You ask the question, well, Is there any nudging, any coaxing going on here? The music can be quite an overwhelming experience. It gets enhanced in its emotionally evocative properties. And we control and manipulate the quality of the aesthetics.
So in what we call this enriched condition, we have an enriched condition with all these psychedelic therapy elements included, and we have an unenriched condition with them stripped out. So there's no music. The sessions are staffed, but really for basic safety monitoring, not for any kind of active emotional support unless there's an emergency. I mean, we're guided by Do No Harm, of course.
And yeah, we control the aesthetic. So in the enriched, there's lovely glowing lighting and printed screens of beautiful nature scenes. And then in the unenriched, it's a standard consulting room in a clinical research unit. All of this suggests that there's a fair amount to get right or wrong with respect to how one promotes people into the role of being a therapist.

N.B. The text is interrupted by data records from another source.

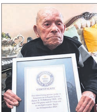
ନେଇଥିଲେ। ସାକ୍ସିଆଗୋ ପଡ଼ୋଶ ଲିଓନ୍-ସିଡି ପୁଏଟ୍ରେ କ୍ୟାଣ୍ଟୋରେ ଏକ ଫୁଟବଲ୍ କ୍ଲବର ପ୍ରତିଷ୍ଠା କରିଥିଲେ।

ମାଡ୍ରିଡ୍, ୧୯୧୧ (ଫ୍ରାନ୍ସ): ବିଶ୍ୱର ବୟସ୍କ ବ୍ୟକ୍ତିଙ୍କ ମାମତା ପାଇଥିବା ୧୧୨ବର୍ଷୀୟ ସେନାୟ ବ୍ୟକ୍ତି ସାକ୍ସିଆଗୋ ତେ ଲା ଯୁଦ୍ଧରେ ମଙ୍ଗଳବାର ପରଲୋକ ଘଟିଛି।
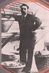
André-Louis Debierne (1874-1949), wybitny i współpracownik Marii Skłodowskiej-Curie
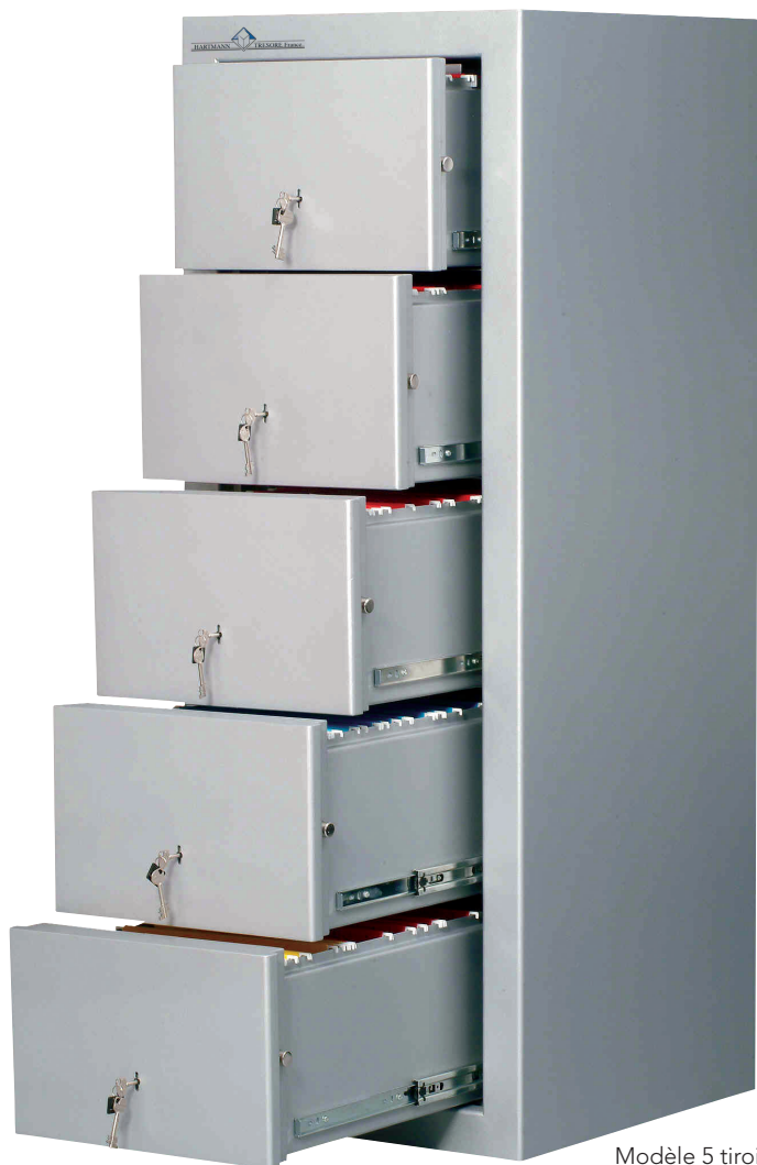
Modèle 5 tiroirs.
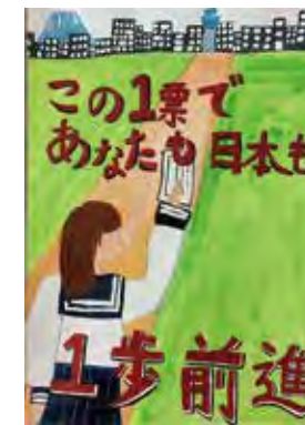
関 更紗 (汐入小5年)
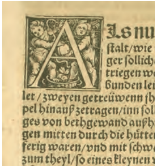
45. Herodianus, Der Fürtrefflich Griechisch geschicht schreiber Herodianus [...], Augsburg 1532
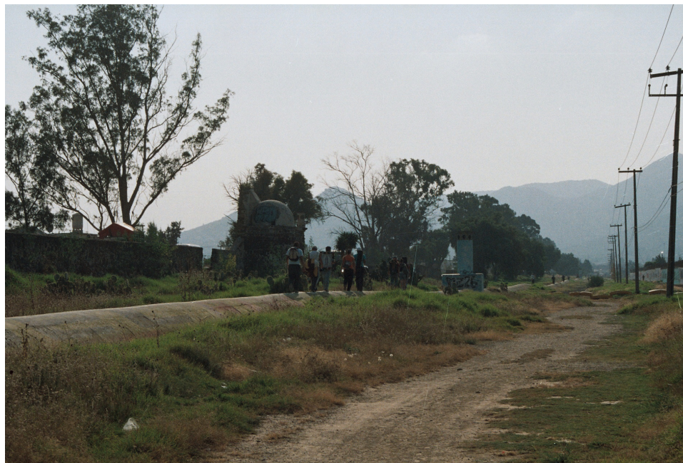
Imagen 1. Atravesando el albaradón en tiempo de secas Fuente: Ismael Mejía Hernández, Ecatepec de Morelos, diciembre 2009
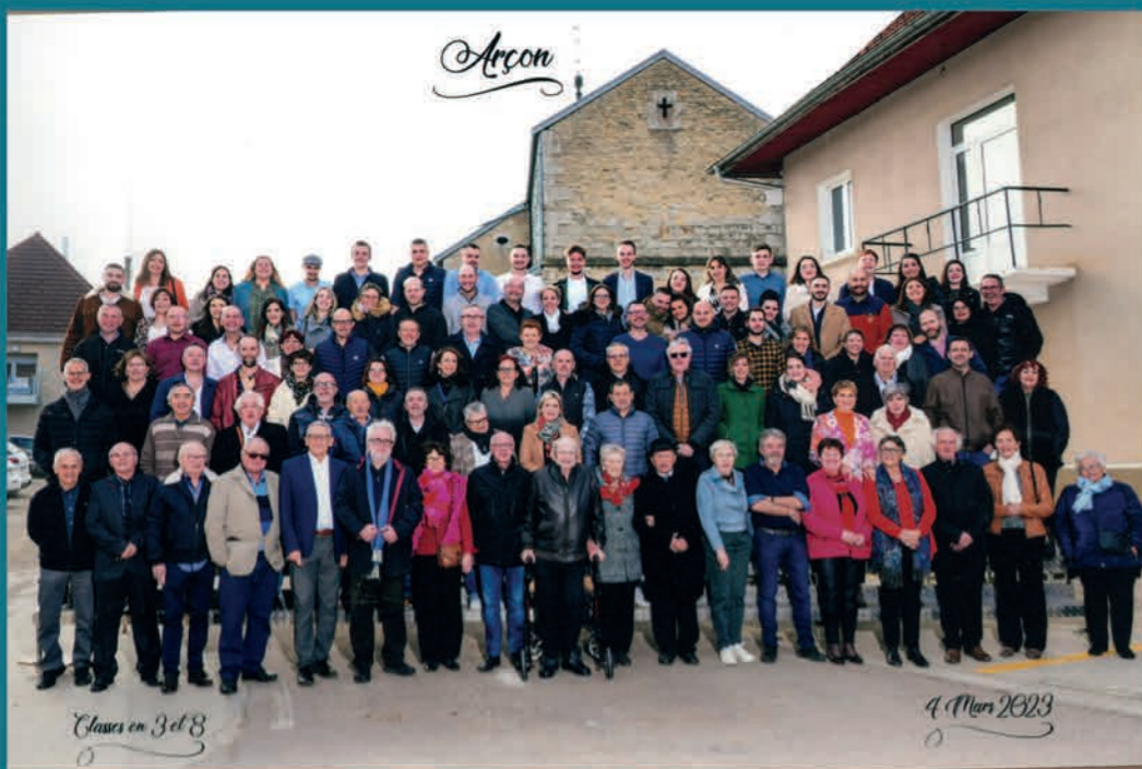
A l'année prochaine et n'oubliez pas la date du 1er samedi de mars pour les prochains conscrits.

C'est sous un soleil de printemps que 97 conscrites et conscrits de 20 à 90 ans, ont eu plaisir de fêter, à la salle des fêtes d'Arçon, les habituelles retrouvailles d'enfance pour la plupart.
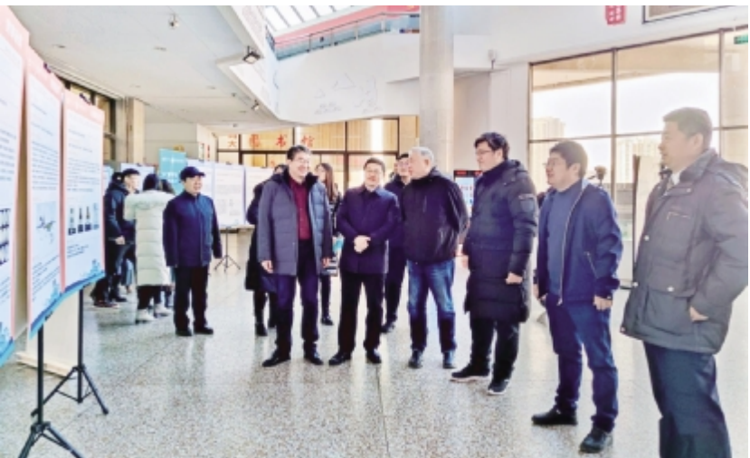
图为学院举行学术交流年会。

2022年全国硕士研究生招生录取工作落幕,环境科学与工程学院再一次创造了亮眼的考研成绩:本科毕业生117人,70人达到国家线,达线率59.8%;64人考入国内外大学或科研院所,录取率达到54.7%;考入“双一流”高校及中科院的学子45人,占录取总数的70.3%。有志学子们走向更广阔的天地,开启崭新的科研之路。
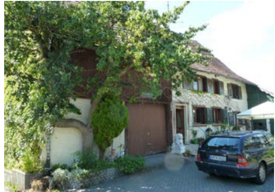
Ostansicht, links der Ökonomieteil, rechts der Wohnteil
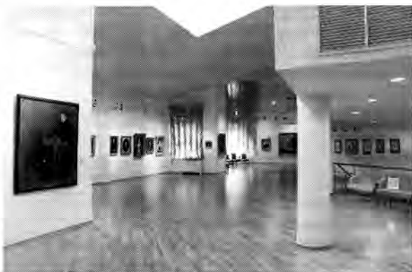
Илл. 5. Экспозиция «Женский образ через века». XVIII–XX века
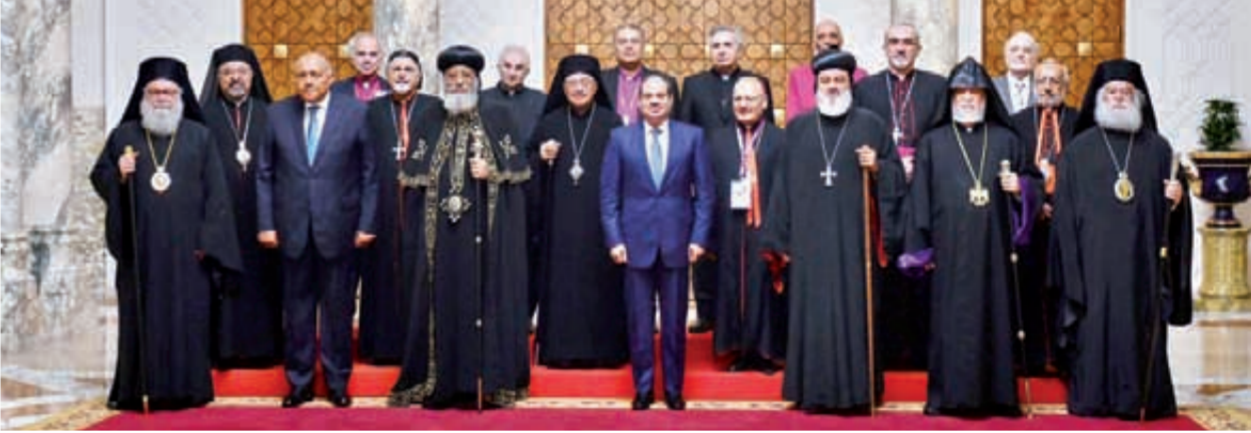
الرئيس عبد الفتاح السيسى يتوسط رؤساء كنائس الشرق الأوسط والكنايس المسيحية الأتوية الزاخرة بالفخرية، فضلاً عن مشروع إحياء مسار العائلة المقدسة وذلك في إطار الانضمام لصفحة ( ٤ ) بحماية التراث المسيحي المصري. فاعلمت الجمعية العامة لمجلس كنائس الشرق الأوسط
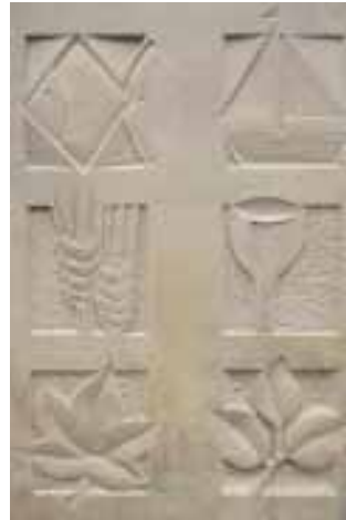
Entwurf aus der Vorbereitungsphase zur Meisterprüfung in Düsseldorf

In der Situationsaufgabe stellt der Meisterprüfungsausschuss den Prüfling vor eine reale berufliche Anforderung, die in höchstens acht Stunden bewältigt werden soll. Die Meisterprüfungsordnung verlangt fünf Situationsaufgaben, von denen eine durch den Prüfungsausschuss
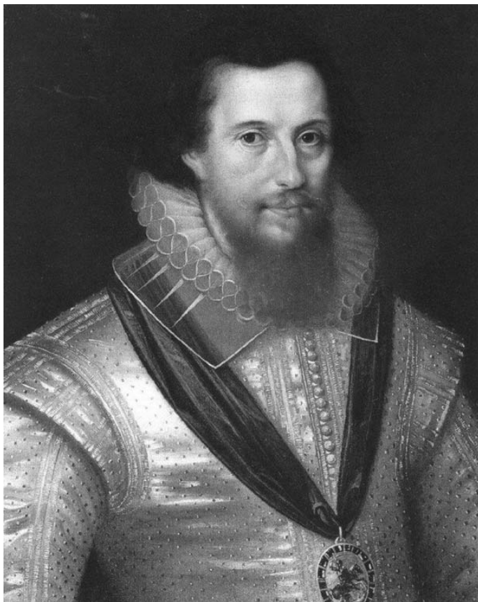
Marcus Gheeraerts, Ritratto di Robert Devereux, secondo conte di Essex , olio su tela, 1596 ca., London, National Portrait Gallery.

Robert Devereux (1566-1601) 11 , secondo earl of Essex', era il figliastro di Leicester, quel Robert Dudley che aveva già infiammato il cuore di Elisabetta anni addietro 12 . Forte di una naturale simpatia nei suoi confronti da parte della regnante, il ragazzo si era fatto strada nella corte londinese fino a diventare consigliere nel 1593. La cosa non mancò di creare rivalità e gelosie, nonché la spaccatura del Consiglio: da una parte i fautori della guerra e gli arrampicatori sociali della nuova gentry cittadina, che vide in Essex il suo rappresentante più in vista, dall'altra i vecchi consiglieri di più miti vedute – soprattutto nei difficili rapporti con la Spagna – guidati da Robert Cecil, il segretario di Stato.
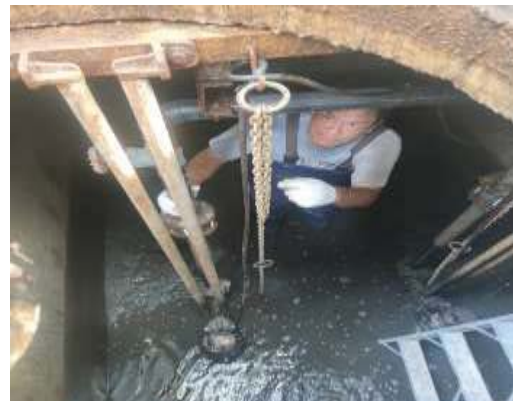
การดูแลบำรุงรักษาระบบบำบัดน้ำเสีย
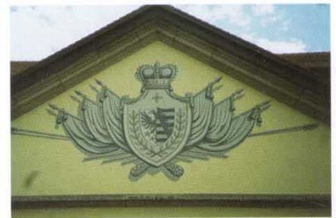
Illusionsmalerei am Giebel des Rathauses Bernburg. Das ehemals in Stuck ausgeführte Wappen wurde als Malerei mit räumlicher Wirkung erneuert.

zahlreichen Farbschichten späterer Generationen. Die Spezialisten der Firma Heindorf erkunden die einstigen Maltechniken, verwendete Materialien u.a.m., um darauf ihre akribische Restaurationsarbeit aufbauen zu können.
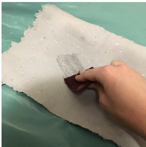
Slika 21 prikaz faze premazivanja papira radi njihovog jačanja i mogućnosti šivanja, vlastita fotografija

Sam premaz papira radi se tako da se smjesa nanosi u tankome sloju prvo na jednu stranu papira, pri svakom premazu potrebno je nabrati materijal, kao što je navedeno kako bi se osigurala elastičnost i dalo mogućnosti smjesi da prodre u srž papira. Nakon toga materijal se pažljivo izravna kako ne bi došlo do trganja, te se stavlja na sušenje. Zatim se nakon sušenja isti postupak ponavlja za drugu stranu papira. Obje faze poželjno je ponoviti nekoliko puta kako bi se povećala svojstva koje premaz daje, poput čvrstoće ili vodootpornosti koja ovisi i o debljini papira. Vlastiti cilj u postupku bio je primarno dobit svojstvo čvrstoće i elastičnosti nalik tekstilu koji čini materijal prigodan za šivanje.
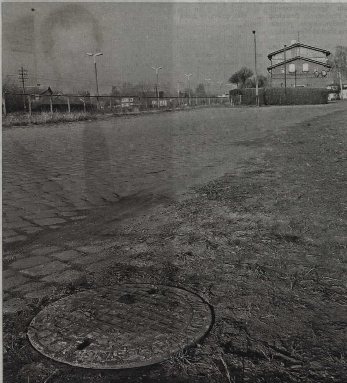
Udało się odmulić praktycznie całą ulicę Kolejową.

- Odmulenie tego przepustu spowoduje, że woda będzie mogła w swobodnie przepływać w tym miejscu - mówi zastępca wójta gminy Ryjewa. - Wówczas pozostanie nam do wykonania jeszcze jedna rzecz czyli rów przy drodze wojewódzkiej w kierunku Jałowca. W tym roku były tam prowadzone różne zabiegi pielęgnacyjne. Czyściliśmy, kosiliśmy. Mieszkańcy również czyścili ten rów. Ma on jednak swojego właściciela i powinien po-
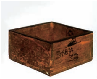
図表 19 検地に使われたものさし*（検地尺）とます（天正枡 芥田家蔵）
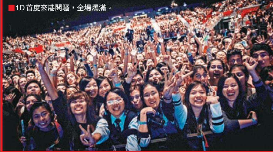
1D首度來港開騷,全場爆滿。
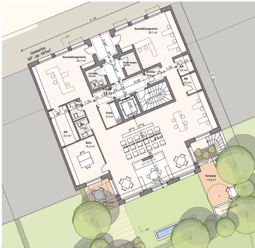
Ifd. NR. 06.0 - GRUNDRISS ERDGESCHOSS - 1:100
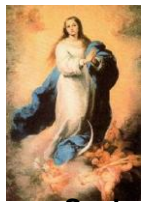
Nossa Senhora Conceição
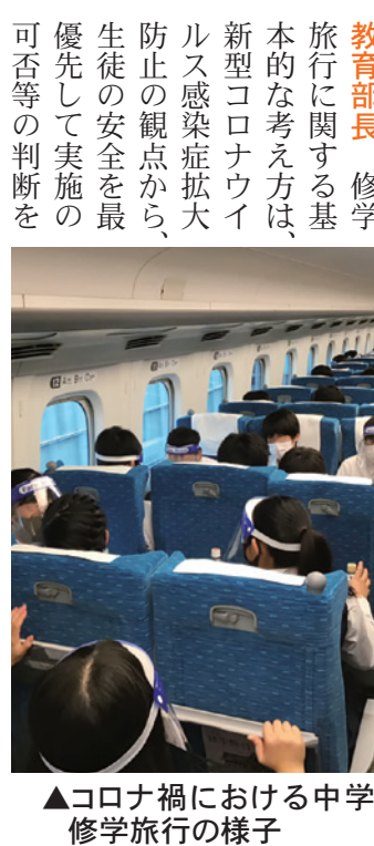
▲コロナ禍における中学校の修学旅行の様子

一括質問 都の不燃化特区内での支援制度 同様の制度を市で実施する考えはあるか 財政面での大幅な負担や人的な負担などが課題が多岐にわたるものと認識している
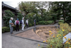
万両塚周辺調査中に古墳が出土
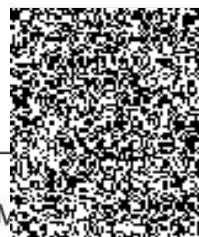
vedoucí prodeje ČR
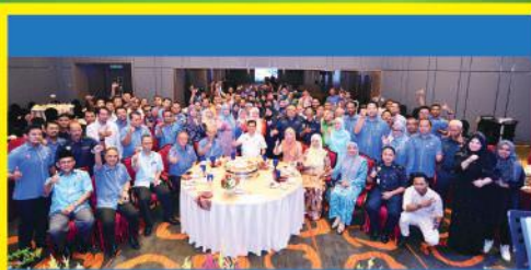
Majlis Penghargaan Kecemerlangan dan Kejayaan Warga Kerja Majlis Bandaraya Johor Bahru di Hotel Grand Paragon, Johor Bahru
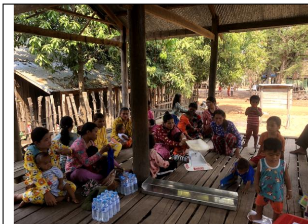
乳幼児健診の実施

ロックダウンが実施されていた 4 月には活動が停止せざるを得ない状態であったが、コロナ禍であっても、参加者の手指消毒や機材の消毒を行い、感染症対策の措置をとりながら、実施をしてきました。2017 年から、シェアがプレアビヒア州で活動を続けていく中で、州保健局も乳幼児健診を定期的実施しながら、子どもの成長を見守っていくことの大切さを理解し、シェアの活動の早期再開につながる事ができた。また、大きな村では、午前と午後の 2 回に分けて、人数制限を行いながら、実施した。コロナによって、村の人々の生活への影響も少なからずあり、今後においても引き続き、妊産婦や子どもたちの健康を見守っていく必要があることを痛感しています。
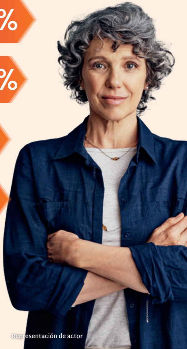
Representación de actor

*En una encuesta, se pidió a 36 cuidadores calificados que notaron movimientos involuntarios anormales en las últimas 4 semanas, y que clasificaran el impacto de cuidar la salud de los pacientes en las vidas de los cuidadores. Las respuestas se basaron en una escala de 0 (ninguno) a 10 (lo peor que se pueda imaginar).
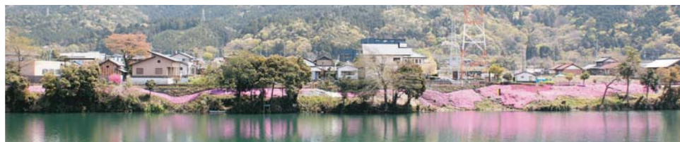
湖面に反射した芝桜がボート競技選手や遊歩道散策の方を楽しませてくれます
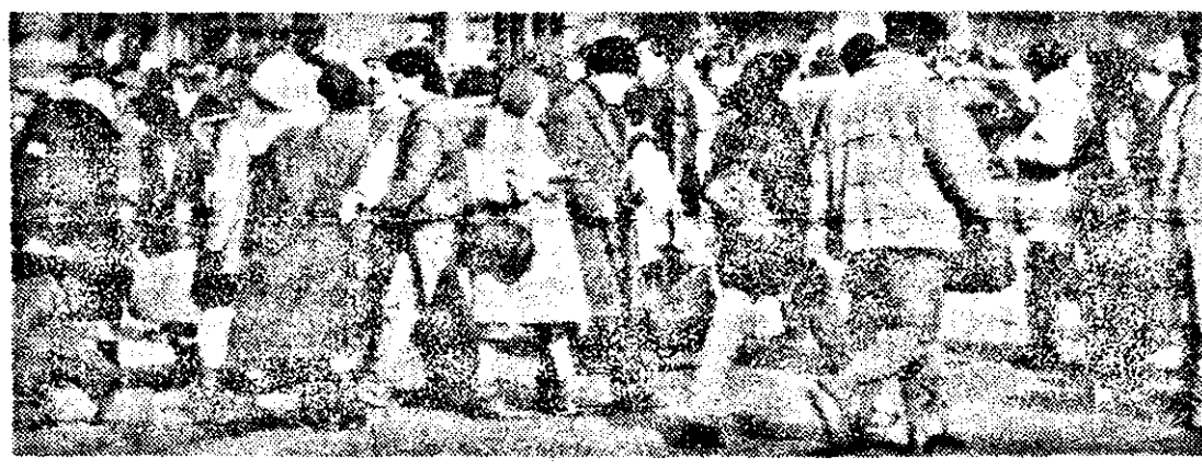
Secvență semnificativă din foriola cotidiană a orașului.
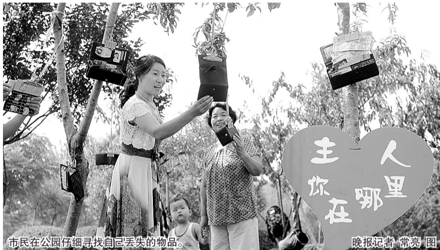
市民在公园仔细寻找自己丢失的物品。

据了解,夏季人们衣衫简单而且兜较浅,手机、钱包等在蹲坐时容易脱落。“从2008年扩园以来,工作人员在工作期间共捡到近200个包,其中很大一部分已被认领。”该公园负责人介绍,如果你想找自己的物品,可拨打文化公园认领电话63282340。 线索提供 王玉忠
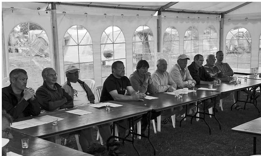
Fra generalforsamlingen

Dirigenten konstaterede, at der ikke var flere, der ønskede ordet og gav ordet til formanden, der takkede for en god og konstruktiv debat og afsluttede generalforsamlingen.
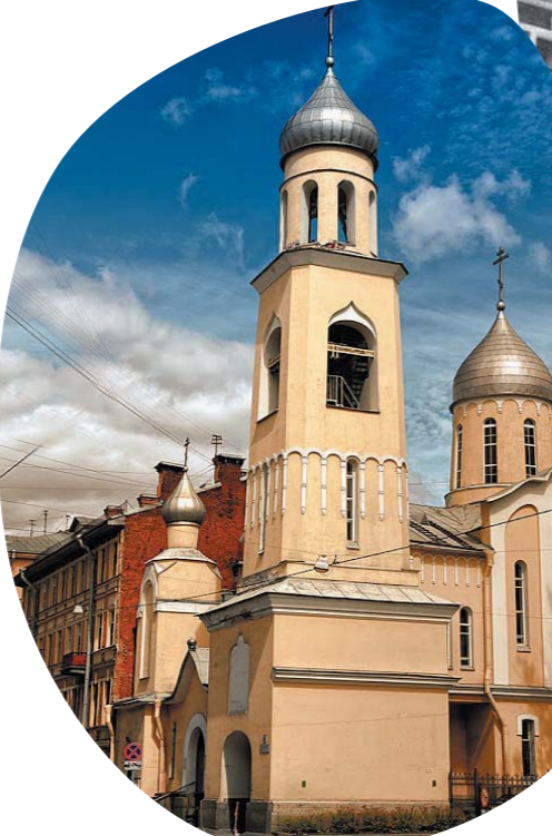
Церковь святой благоверной княгини инокини Анны Кашинской, Большой Сампсониевский проспект, дом 53

Церковь Анны Кашинской является подворьем Введенно-Оятского монастыря Тихвинской епархии Русской православной церкви на Выборгской стороне. Монастырь возвели в 1907 году на месте часовни в память чудесного спасения будущего императора Николая II в Японии.
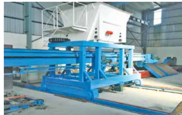
Hệ thống cấp liệu Automatic sewer production line
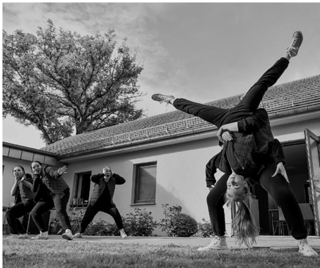
Bei der Kulturlandschau in Mönkebude steht der Austausch zwischen jungen und alten Menschen im Mittelpunkt.
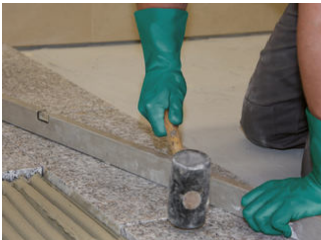
3 Einklopfen der Natursteinplatte und Überprüfung auf Ebenmäßigkeit.
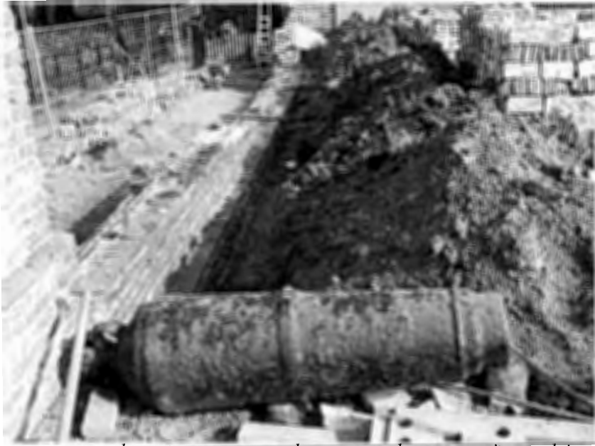
Steen voor steen demonteren en weer opbouwen van de muren op 't voorplein.

I'm wondering about quality control there and screening and supervision and training and I'm thinking of one story I heard of someone who I think was in a group setting. I don't even know what the compound was. It might have been psilocybin. It might have been ayahuasca.
But somebody in the setting was feeling like they were remembering childhood sexual abuse, I think, some trauma from childhood that had not been conscious prior to taking the drug. But They were also uncertain as to whether it was a memory or whether they were just imagining it. And the therapist, you know, to my ear, who was in charge at that point, came in.
It was a heavily enriched context, but you might think it was enriched by this therapist's, you know, dogmatism or delusion because they seemed to be coming at this with a very strong sense of, you know, recovered memory being, you know, very much a real thing. I believe they told this subject that the body never lies or the body never forgets or something like that.